Question: Why does God permit suffering?
Key Verses: James 1:2-4; 1 Peter 1:6-7; 2 Corinthians 1:3-4
Answer: There are numerous reasons why God permits human tragedy and suffering. People are not robots. God has given each person the ability to think and act. He permits individual choices, some of which result in injury, pain, and the death of innocent children. In John 9:2, Jesus’ disciples asked whether it was the sin of the man or his parents that he was born blind. Jesus told them that it was not sin that cause the blindness, but it was “so that the works of God might be displayed in him” (John 9:3). God can use suffering to bring glory to Himself 1) by means of those who come to Christ as a result of the suffering and 2) through the witness of believers who are depending upon Him in the midst of suffering.
Mankind is always accountable to God for any decision. God is never the author of sin. But He does permit human tragedy and suffering. Some reasons believers suffer are:
- To encourage faith (1 Peter 1:6-7)
- To identify with Christ’s sufferings (1 Peter 4:12-13)
- To provide a witness for the gospel (Phil 1:12f)
- To develop compassion for others (2 Cor. 1:3-11)

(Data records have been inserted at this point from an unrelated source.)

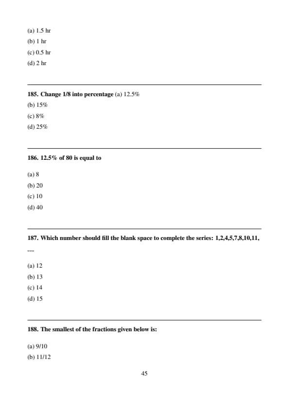 Hence option (a). Quick Tip: Remember common fraction↔percentage conversions: \(\tfrac{1}{2}=50%\), \(\tfrac{1}{4}=25%\), \(\tfrac{1}{5}=20%\), \(\tfrac{1}{8}=12.5%\).
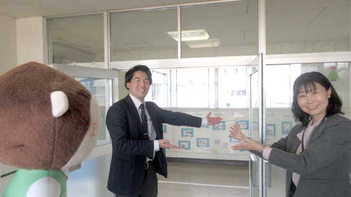 玄関で中西美紀(なかにし みき)校長先生と、授業を見せていただく鈴木優太(すずき ゆうた)先生に出迎えていただきました。本日はよろしくお願いいたします!
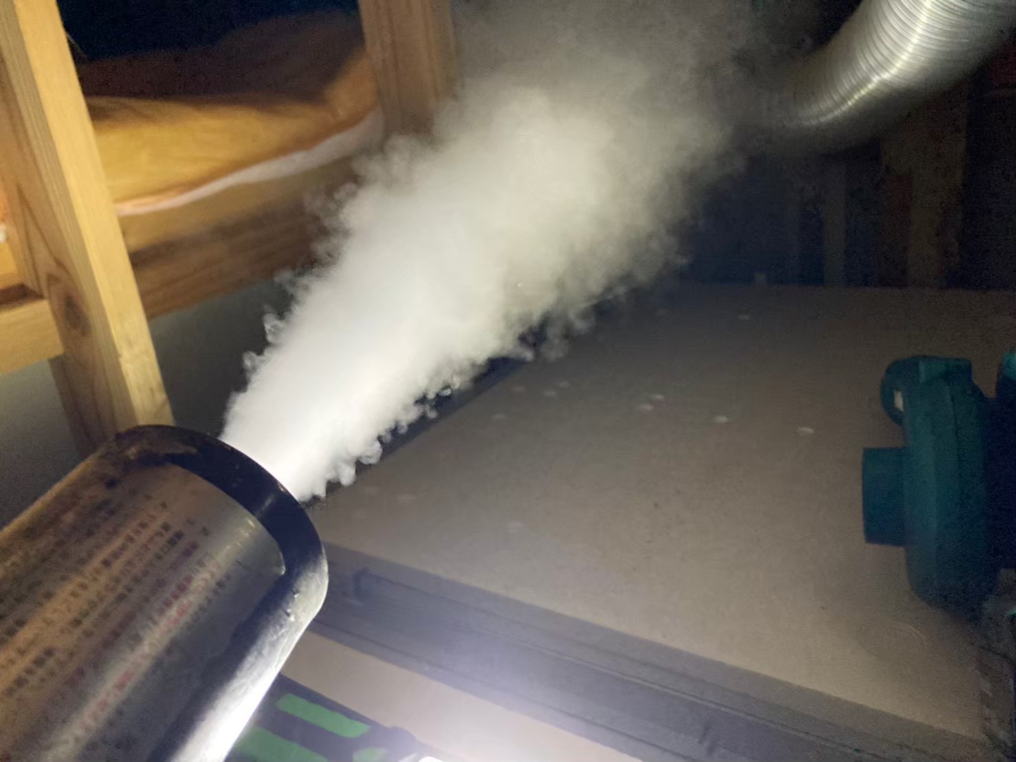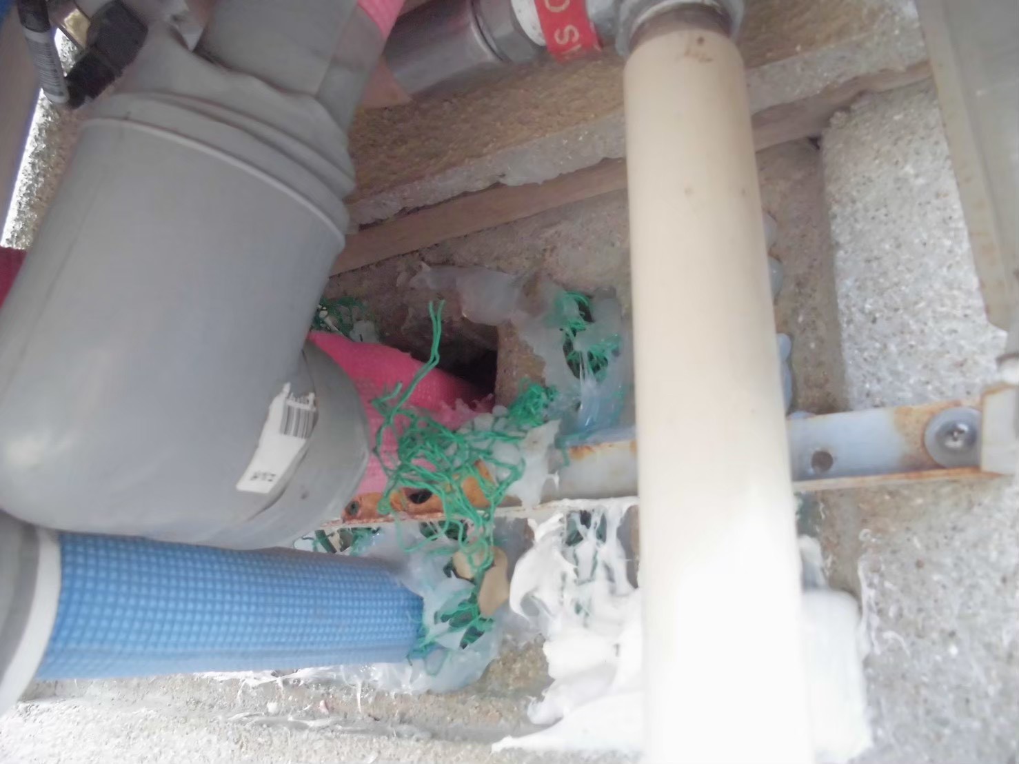 - お客様より「天井裏で動物の走り回る音がする」「深夜にガタガタ音がして眠れない」とのご相談をいただきました。調査を行ったところ、屋根裏にイタチの足跡や糞、断熱材の破損が見つかりました。さらに、配線まわりに齧られた痕跡もあり、火災リスクも高い状況でした。
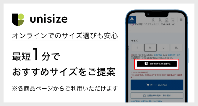 ABy using "unisize" on the product details page, we will recommend the perfect size for you. Just answer a simple questionnaire and we will suggest the best size for you.
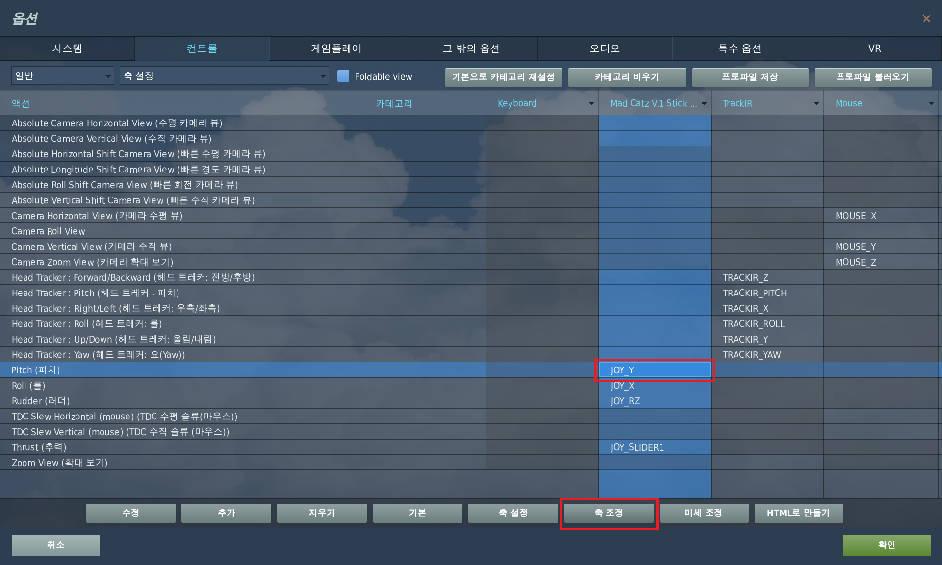 우선 피치 항목에서 'JOY_Y' 부분을 선택하고 '축 조정'을 클릭한다

- To prove that God is just (Job 1:10-11)
- To promote spiritual maturity (James 1:2-4; 2 Tim. 2:3)
- To develop patience (1 Peter 1:6-7)
- To learn obedience (Hebrews 5:8)
- To keep down pride (2 Cor. 12:7-9)
- To discipline a carnal believer (1 Cor. 11:30-32; Heb. 12:4-11)
God also provides protection in times of distress. There are many ways the believer can endure suffering:
- By making certain there is no unconfessed sin in your life (1 John 1:9)
- By reckoning ourselves “dead to sin,” but alive to God (Rom 6:11-13). We grieve, but are not to be overcome by grief as those without hope.
- By defensively putting on the armor of God (Eph. 6:10-16). The armor of of God protects us during spiritual warfare, but does not prevent it.
- By offensively using the sword of the Spirit—the Word of God (Eph. 6:17) as illustrated by Jesus in His temptation (Matt. 4)
- By prayer (Matt. 6:13) “Lead me not into temptation…”
- By resisting the devil (James 4:7; Gen 39)
- By making no provision for the flesh (Rom 13:14).
- By eliminating sources of temptation (Acts 19:11-20).
- By concentrating on wholesome thoughts (Phil. 4:8-9; 2 Cor. 10:3-5
- By applying faith in the blood of the lamb (Col. 2:15; Rev. 12:11)
- By living a positive and consistent Christian life (Mt 5:14-15)
- By maintaining a selfless, humble attitude (1 Tim 3:6; Rom. 12:2)
- By developing personal discipline (Gal. 2:20).
- By giving thanks to God in and for your suffering (1 Thes. 5:18; Eph. 5:20)
God guarantees that the intensity level of our tragedies and suffering and sorrows will not be greater than we can bear (1 Cor. 10:13). In addition, this verses states that God always provides a way to escape (endure) during times of suffering. This is not saying that He will remove the suffering. Rather this is a promise that He will provide the power to endure it.
Forgiveness of those who had a part in or caused our suffering is essential. We cannot learn the intended lesson from our suffering unless we are willing to forgive those who caused it. We must leave the judgment of evildoers with God (Rom. 12:19-21). We can also learn from Romans 8:28, that “all things work together for good” for those who are called of God and have learned to love Him.
We must maintain an attitude of thankfulness, even in times of suffering (1 Thes. 5:18; Eph. 5:20). Job is a wonderful example of this principle. He didn’t blame anyone. He accepted His suffering as from the Lord and praised Him in the midst of it.
Naked I came from my mother’s womb, And naked I shall return there. The Lord gave and the Lord has taken away. Blessed be the name of the Lord (Job 1:21).
Through suffering, God awakens the hearts of many. For believers, it is an opportunity to grow closer to the Lord. For unbelievers, it is a time when they may be more open to the Gospel.